POST
/
v1
/
chunk
/
late
curl --request POST \
  --url https://api.chonkie.ai/v1/chunk/late \
  --header 'Authorization: Bearer <token>' \
  --header 'Content-Type: multipart/form-data' \
  --form embedding_model=all-MiniLM-L6-v2 \
  --form chunk_size=512 \
  --form recipe=default \
  --form lang=en \
  --form min_characters_per_chunk=24
[
  {
    "text": "<string>",
    "start_index": 123,
    "end_index": 123,
    "token_count": 123,
    "sentences": [
      {
        "text": "<string>",
        "start_index": 123,
        "end_index": 123,
        "token_count": 123
      }
    ],
    "embedding": [
      123
    ]
  }
]

Authorizations

Authorization
string
header
required

Your API Key from the Chonkie Cloud dashboard

Body

multipart/form-data
file
file

The file to chunk.

embedding_model
string
default:all-MiniLM-L6-v2

SentenceTransformer model identifier to use for embedding.

chunk_size
integer
default:512

Maximum number of tokens per chunk.

recipe
string
default:default

Pre-defined recursive rules for splitting. Find all recipes on our Hugging Face Hub.

lang
string
default:en

Language of the text, used with recipes.
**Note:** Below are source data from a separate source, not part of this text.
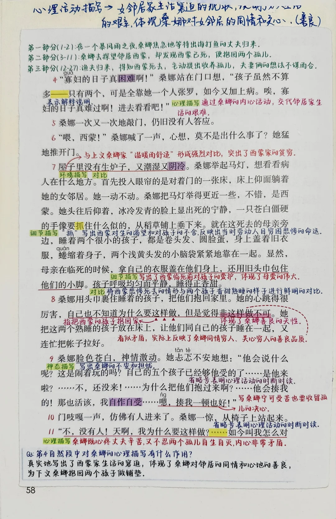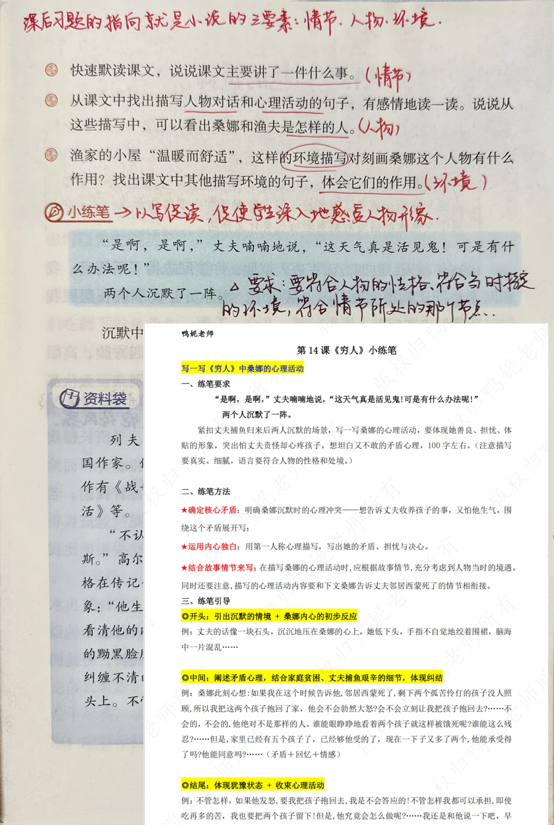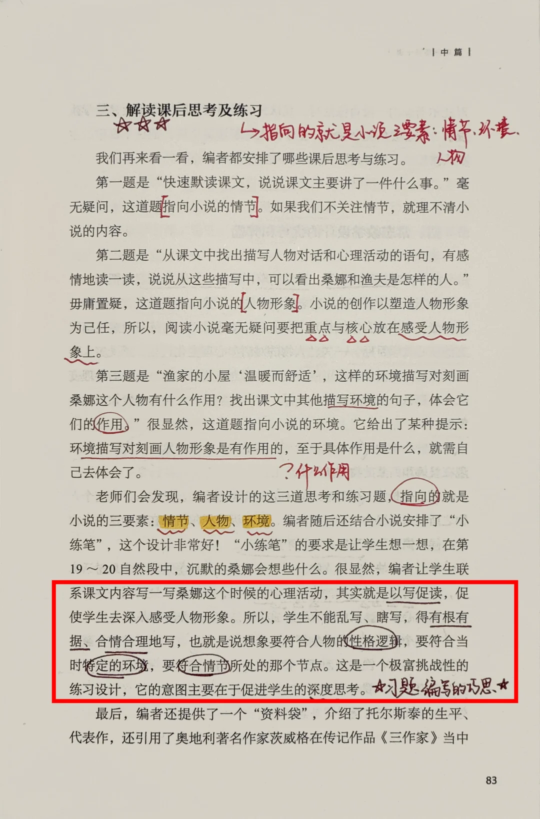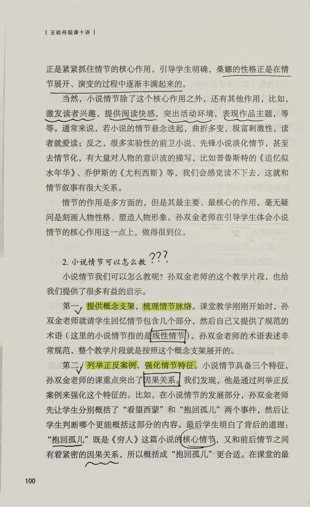 🍃通过情节与人物的整合,让小说的教学立起来 ‼️孙双金老师最让人佩服的一点是,他真正将小说的三要素:情节、环境和人物在教学设计和教学过程中整合起来了!无论从哪个方面切入,必然要关涉到相应的另外两个方面。一句话,我们必须要整体地、联系地把握小说三要素。精彩的教学环节然后再一一道来~ ┈︎┈︎┈︎┈︎┈︎┈┈︎┈︎┈︎┈︎ ✨基于对单元语文要素、课文情节以及对课后习题与练习的把握,孙老师真正将小说的教学整合起来了! 〽️打破常规教学设计的弊端,为了避免让学生根据教学设计的板块肢解开去理解小说的三要素,这样会让学生阅读理解的碎片化,孙老师进行了这样巧妙的设计: 板块一:关注故事情节,感受人物心理; 这个板块是启示意义最大、参考价值最大的一个板块,孙老师很好地诠释了两个问题: [一R]小说情节我们应该教什么? [二R]小说情节我们可以怎样教? ┈︎┈︎┈︎┈︎┈︎┈┈︎┈︎┈︎┈︎ 孙老师将第一个板块细分成了六个小部分,都体现了整体性、联系性地教学过程:①明确要素,提供支架;②梳理“开端”,关注“心理”;③梳理“发展”,感受“心理”;④梳理“高潮”,体会“心理”;⑤梳理“结局”,推测“心理”;⑥总结比较,把握精髓。 👉那围绕小说情节应该教什么? 🔸孙老师抓住了小说情节的三个特征来设计和实施教学的: 1️⃣情节的“完整统一”;2️⃣情节的“因果关系”;3️⃣情节的“矛盾冲突” ‼️孙老师有意将情节梳理与人物心理活动的揭示联系起来,让学生通过对心理活动的体察,来反观情节的矛盾冲突。实在是高明👍 板块二:对比环境描写,感受人物性格; 板块三:聚焦人物活动,感受人物品行。 ┈︎┈︎┈︎┈︎┈︎┈┈︎┈︎┈︎┈︎ 🍃采用双线并进的教学结构,最重要的一个意图是让学生明白,情节是为刻画人物性格、塑造人物形象服务的。情节一旦游离于人物,就失去了意义!
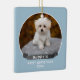 Cute Blue Puppy 1:a jul-Hund Foto Ornament. Anpassa den här söta prydnadsformen med ditt husdjurs namn, bild och år. Ornamenten är i grått, vitt och blått färg. Underbar julklapp för dig eller en gåva till din familj eller dina vänner.
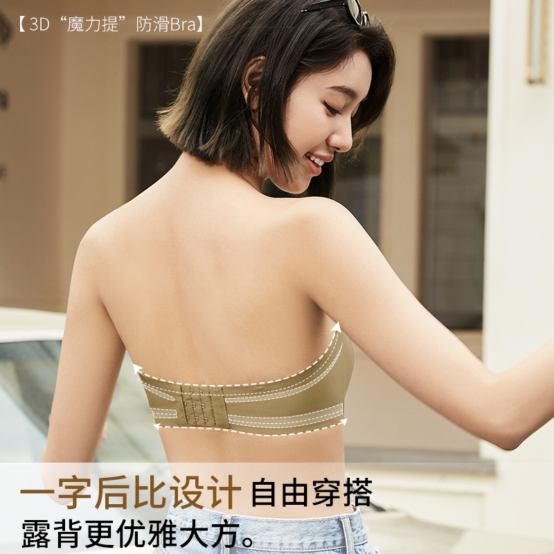 防滑文胸吊带小胸聚拢半杯光面防走光无肩带内衣女透气无钢圈胸罩
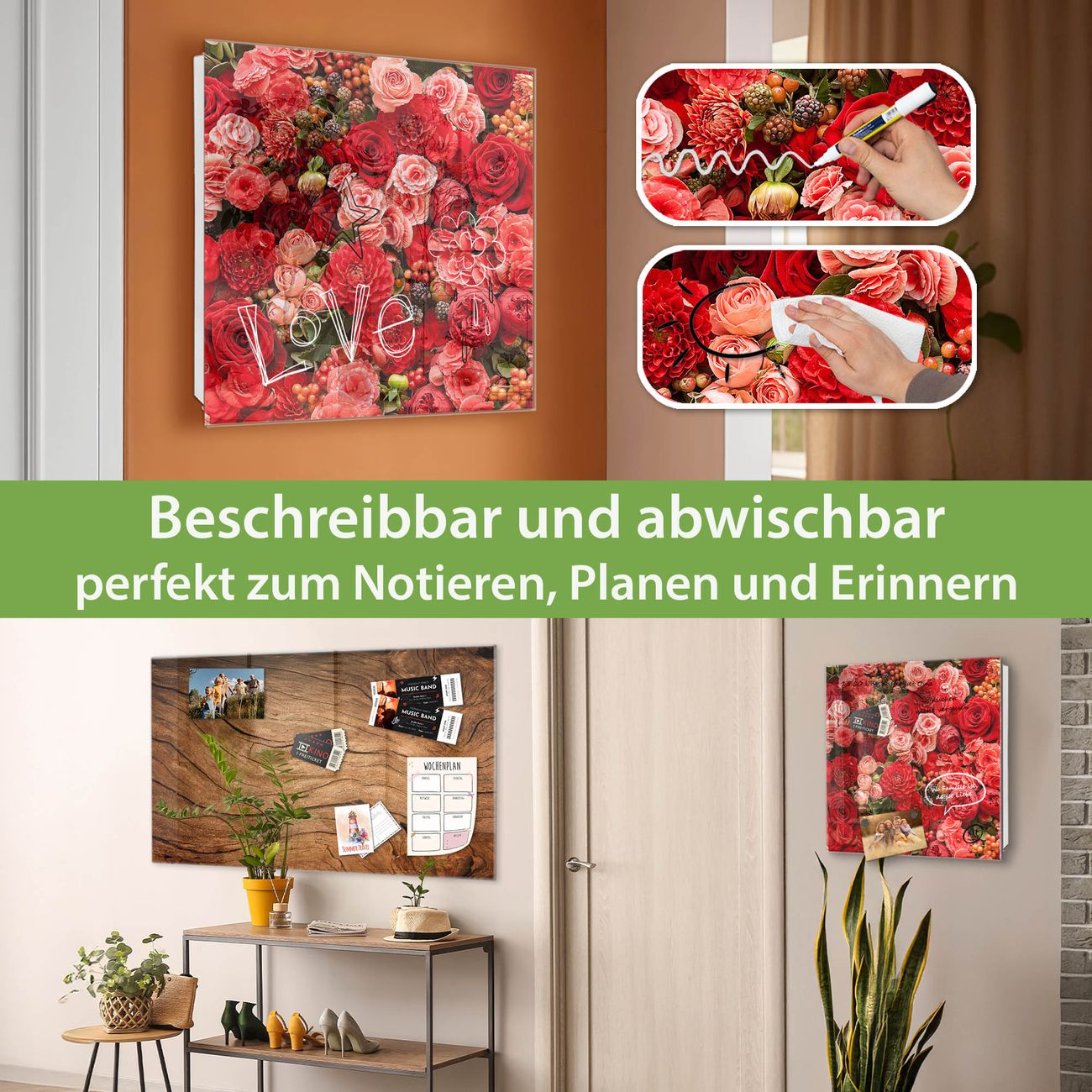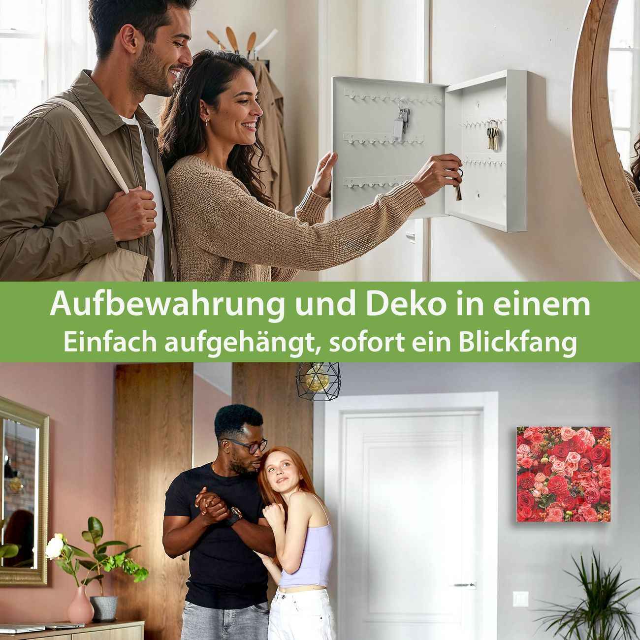 Bringe Ordnung und Eleganz in deinen Eingangsbereich mit dem banjado Schlüsselkasten Motiv Motiv Bouquet in Rot. Die moderne Schlüsselbox kombiniert funktionales Design mit hochwertiger Verarbeitung und wird so zu einem echten Hingucker in Flur, Büro oder Ferienwohnung. ✅ Stilvolle Schlüsselaufbewahrung mit Glasfront im Motiv Motiv Bouquet in Rot Der Design-Schlüsselkasten Motiv Motiv Bouquet in Rot bietet Platz für bis zu 50 Schlüssel, die auf 5 stabilen Reihen mit je 10 Haken übersichtlich verstaut werden. Mit seinen kompakten Maßen von 30 x 30 x 5 cm passt die Schlüsselbox perfekt auch in kleinere Räume. Der weiß lackierte Stahlkorpus mit rechts angeschlagenem Türscharnier harmoniert mit der Glasfront und fügt sich nahtlos in jedes Wohnambiente ein. Ob als Schlüsselorganizer für Zuhause oder als praktische Lösung für Büros, Praxen und Gewerbe, der banjado Schlüsselkasten sorgt für Ordnung und Übersicht. Dank der magnetischen, mit Kreidestiften beschreibbaren Glasfront kannst du Notizen anheften oder Termine direkt auf der Oberfläche festhalten. Die Schlüsselbox Motiv Motiv Bouquet in Rot zur Wandmontage wird inklusive Befestigungsmaterial geliefert und ist schnell angebracht. So hast du deine Schlüssel jederzeit griffbereit und zugleich stilvoll verstaut. Mit diesem banjado Schlüsselkasten Motiv Motiv Bouquet in Rot kombinierst du praktische Aufbewahrung mit stilvollem Wohndesign. Ob privat oder geschäftlich, die Schlüsselbox sorgt für mehr Ordnung, Übersicht und ein wohnliches Ambiente.Vorteile im Überblick

Must match the language of the recipe.

min_characters_per_chunk
integer
default:24

Minimum number of characters per chunk.

Response

200 - application/json
Successful Response: A list of `LateChunk` objects.
text
string

The actual text content of the chunk.

start_index
integer

The starting character index of the chunk within the original input text.

end_index
integer

The ending character index (exclusive) of the chunk within the original input text.

token_count
integer

The number of tokens in this specific chunk, according to the tokenizer used.

sentences
object[]

List of standard Sentence objects contained within this chunk.

Represents a single sentence with metadata, used within sentence-based chunks.

embedding
number[] | null

Optional embedding vector (list of floats) for the entire chunk, derived from the full document embedding.